MEL IN THE PRESS

Lloyd's List
Monday August 14 2006

Container lines told to work together in supply chain role

Haralambides pinpoints information exchange and co-operation as key elements

for continued growth, writes Phil Hastings

 

Container shipping lines need to better plan future capacity development if they want to expand their role as global supply chain managers rather than simply providing space for competitors such as non vessel operating common carriers and third party logistics providers.

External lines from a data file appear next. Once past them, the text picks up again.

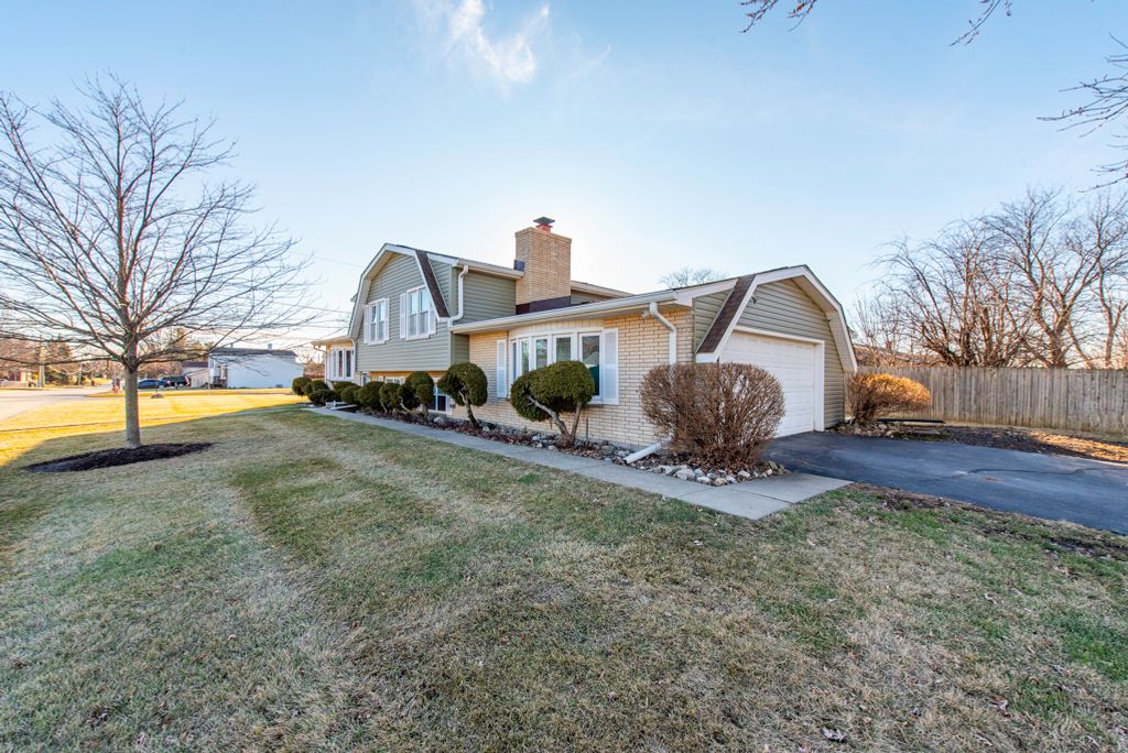 Discover the perfect blend of space, convenience, and charm in this beautifully maintained tri-level home in North Chicago, ideally situated on a desirable corner lot near Foss Park Golf Course. Step inside to soaring vaulted ceilings that enhance the bright and open living and dining rooms, creating an inviting atmosphere for everyday living and entertaining. The eat-in kitchen is thoughtfully designed with quality black appliances, including a newer dishwasher and stove, and features sliding doors that lead to a private deck-perfect for relaxing or enjoying outdoor gatherings. Upstairs, you'll find three generously sized bedrooms. The primary bedroom offers walk-through closets with direct access to a shared bath featuring dual sinks. The lower-level family room provides a cozy retreat with a wood-burning fireplace, a convenient half bath, and a large, separate laundry room. Continue downstairs to the finished sub-basement showcasing new tile flooring, a tastefully designed bar area, and a cedarwood closet-ideal for entertaining or additional living space. This home offers peace of mind with numerous recent updates, including a new furnace with humidifier and air filtration system (2021), hot water heater (2020), newer roof and siding (2021), and washer and dryer (2024). An oversized two-car garage adds even more convenience and storage. A truly well-cared-for home in a fantastic location-this one is not to be missed.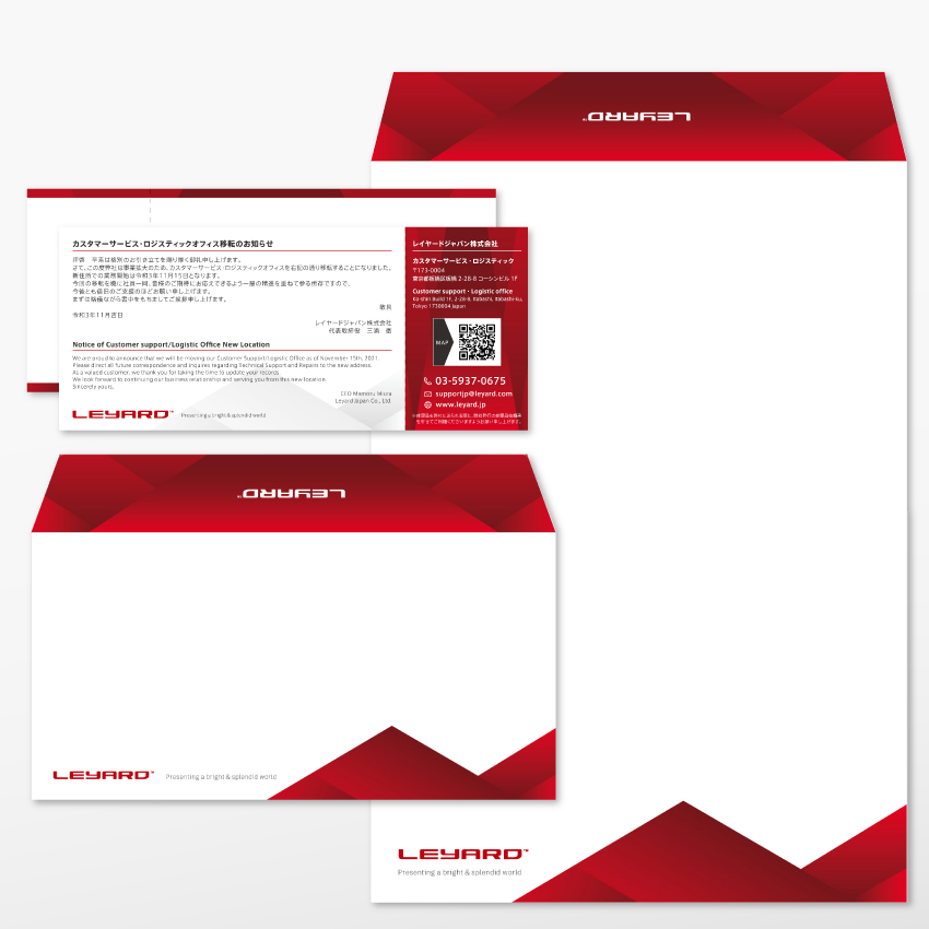 ここまで出来ていると、名刺、封筒といったブランディングツールへの展開のために必要な情報やデザイン的な理解は揃っており、デザインを起こすだけという非常にやりやすい状況でした。言い換えれば、明文化はしていないもののデザイン的なトーン&マナーの策定は完了しているため、ベースとなる考え方や表現の上で作業すれば良いわけです。合わせて一部事業所移転があったため、その関連ツールも一緒にデザインすることになり、運が良かったのもあってわずか2、3ヶ月の間にかなり複合的なデザイン展開ができたと思います。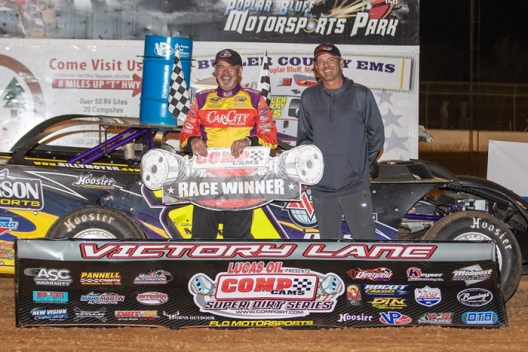 What won the race: Surviving a green-white-checkered finish, Billy Moyer of Batesville, Ark., held off eighth-starting Tony Jackson Jr. to claim a $3,000 Comp Camp Super Dirt Series victory Friday at Poplar Bluff Motorsports Park as the tour kicked off its doubleheader weekend in the Show-Me State.
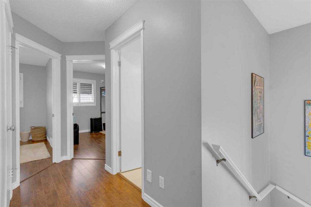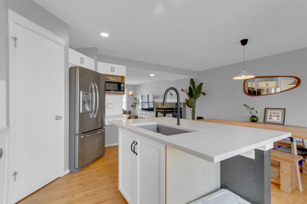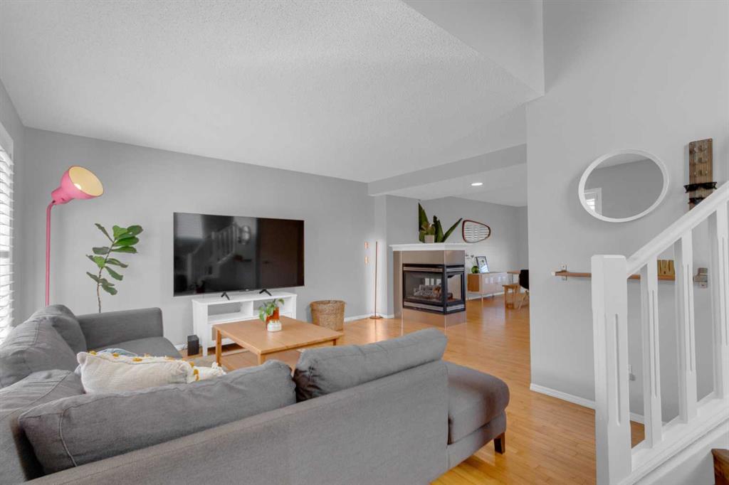 **** OPEN HOUSES … SATURDAY/SUNDAY 1:00-3:00 PM March 28 and 29. On one of the most neighbourly streets of McKenzie Towne, this lovely home is nestled in along a MATURE TREE-LINED STREET. A STAMPED CONCRETE WALKWAY leads you to the inviting FRONT PORCH creating a warm and welcoming entrance as well as a place to enjoy a quiet morning coffee or charming repast as the street awakens. This 1,339 square foot two-storey, features an OPEN PLAN main floor that is an inviting gathering place for countless coffee visits and neighbourhood play afternoons. HARDWOOD FLOORS run throughout the main living area, providing a timeless appeal. The THREE SIDED FIREPLACE adds to the welcoming ambiance, making the space cozy and inviting no matter the season. All windows are fitted with SHUTTERS, allowing for easy manipulation of natural sunlight or privacy, as desired. The spacious, functional kitchen boasts QUARTZ COUNTERTOPS and STAINLESS STEEL appliances, including a newer GAS RANGE (2021). The ISLAND provides a BREAKFAST COUNTER and a DUAL “NUGRANITE” SINK paired with PEARL SINK FAUCET (2021) that delivers convenience and style for any discerning chef. The LARGE DINING AREA is designed to encourage family and friends participation in shared meals and lively “Tell us all about your day” conversations. FRENCH DOORS from the kitchen open directly onto the WEST FACING BACKYARD OASIS for a visible connection with the kids, while they engage in their outdoor activities . The backyard is a true sanctuary, featuring an APPLE TREE, RASPBERRIES, RHUBARB, and VALIANT BLUE/PURPLE GRAPE VINES —which yielded six jars of jelly last year. A private, 17’ x 17’ 7” GRADE DECK with built-in PERIMETER LIGHTING is bordered by lined trees on each side, creating an ideal spot for PRIVATE SUMMER BARBEQUES or a relaxing outdoors evening. When summer temperatures rise, stay comfortable with AIR CONDITIONING (replaced in 2023) and west-side WINDOW AWNINGS. A PAVED BACK LANE leads to the property’s 2 car PARKING. Upstairs, the primary bedroom features a large WALK-IN CLOSET and a FOUR-PIECE ENSUITE. Two additional good-sized, tastefully decorated, bedrooms and a MAIN FOUR PIECE BATHROOM that completes the upper level. This GEM of a home is just a few minutes’ walk from the COMMUNITY WATER PARK and local SCHOOLS, making it an ideal choice for families. The basement is ready for your inspiration and requirements. Don’t miss your chance to see this beautiful FAMILY HOME— Why not take a moment to LINK INTO THE VIRTUAL TOUR ON THIS PROPERTY.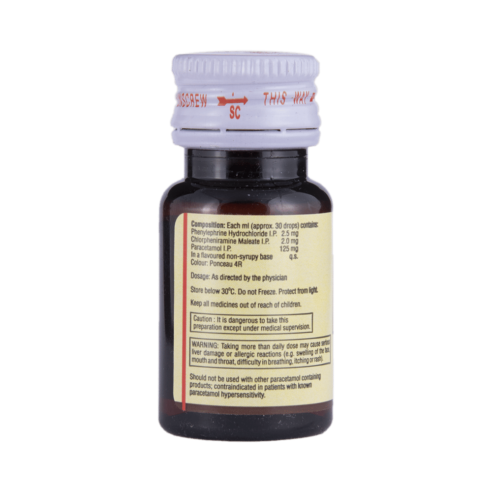 Salt Composition: Chlorpheniramine Maleate (2mg/ml) + Paracetamol (125mg/ml) + Phenylephrine (2.5mg/ml)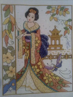 Yesterday evening I also got finally finished one of my longtime WIPs the other of two Geishas. As I'm not at home right now won't state the designer or where I got the design from. I'll add that info later. If I remember correct it is from Cross Stitch Gold and its either Joan Elliott or Lesley Teare design. I don't know why I hate so muck backstitches and they usually make my WIPs to UFOs....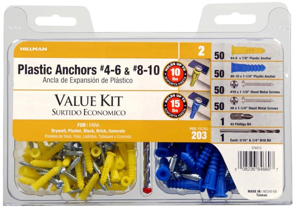 - Hillman #4-6 and #8-10 Value Kit includes plastic anchors, sheet metal screws, and two drill bits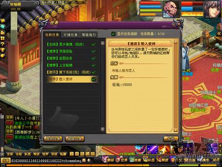游戏中的拥有主线、修行、跑环、帮派等任务,任务延续了传统的接任务、杀怪、获取任务物品、找人的任务模式,进入游戏后,就是不断的任务,前期靠任务升级是一种较为快捷的方式。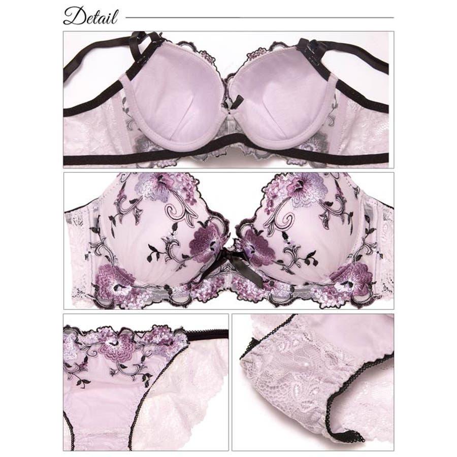華やかなフラワー刺繍に、ブラックのリボンで大人可愛い魅力をプラスしたランジェリー。

In that context, some of the latest ideas for future regulation of the liner shipping industry suggested by the European Liner Affairs Association earlier this year, notably that carriers should more freely exchange information about markets trends and trade volumes, could have a significant role to play.

 

Those, at least, are the views of Professor Hercules Haralambides, director of the Centre for Maritime Economics and Logistics in Rotterdam, the Netherlands, whose organisation acted as adviser to the European Commission’s Competition Directorate in an earlier re-evaluation of European Union Regulation 4056/86, which exempts liner conferences from anti-trust legislation.

 

The professor has previously publicly argued that carriers should be more careful about selling their slot capacity to NVOCCs and 3PLs on a wholesale basis and instead look to improve the utilisation of vessels through greater co-operation with each other, for example by further development of alliances.

 

He pointed out that the latest ELAA submission to the commission in June regarding future European regulation of liner conferences had included a number of references to the need for improved public exchange of information and greater consultation between all sectors of the industry. “I believe that better information exchange, as outlined in the ELAA’s revised proposals, will give each and every shipping line the opportunity to gain a better insight into market capacity requirements and plan their future slot development accordingly,” he said.

 

At the moment, argued Prof Haralambides, the global container shipping industry was building too much capacity.

 

The likelihood was that at some point in the future, depending on what happened to Chinese trade with the rest of the world, the industry would experience a glut of container slots, leading to falling rates and renewed pressure on carriers.

 

“My message to the lines is don’t build too much capacity, don’t build large ships you will never be able to fill without selling some space to NVOCCs and 3PLs, which are actually your competitors when it comes to managing supply chains,” he said.

 

“If you sell capacity to shipping line alliance partners or exchange slots with them, then fair enough. That is industry efficiency.

 

“That is the way it should be, but if you have to sell capacity wholesale to NVOCCs and 3PLs then that, in my opinion, is silly.”

 

Asked whether it was realistic to expect container shipping lines to treat NVOCCs and 3PLs as competitors for supply chain management business rather than as customers when it came to selling capacity, the professor agreed it would be hard for individual lines to adopt such an approach.

 

“It is easy to say that such a strategy makes sense but it would be very difficult to put into practice.

 

“Certainly, one carrier trying to do that on its own would be committing commercial suicide. All the carriers would need to do this together,” he said.

 

“That said, there are signs that lines are intensifying their efforts to compete more with NVOCCs and 3PLs in the overall supply chain by bundling together components and trying to differentiate their services.”

 

One of the keys to success for the lines in that context, though, reiterated Haralambides, would be improved management of capacity supply. “There is already some tacit consultation between alliance members when it comes to planning new capacity but I believe that trend will become more pronounced,” he argued.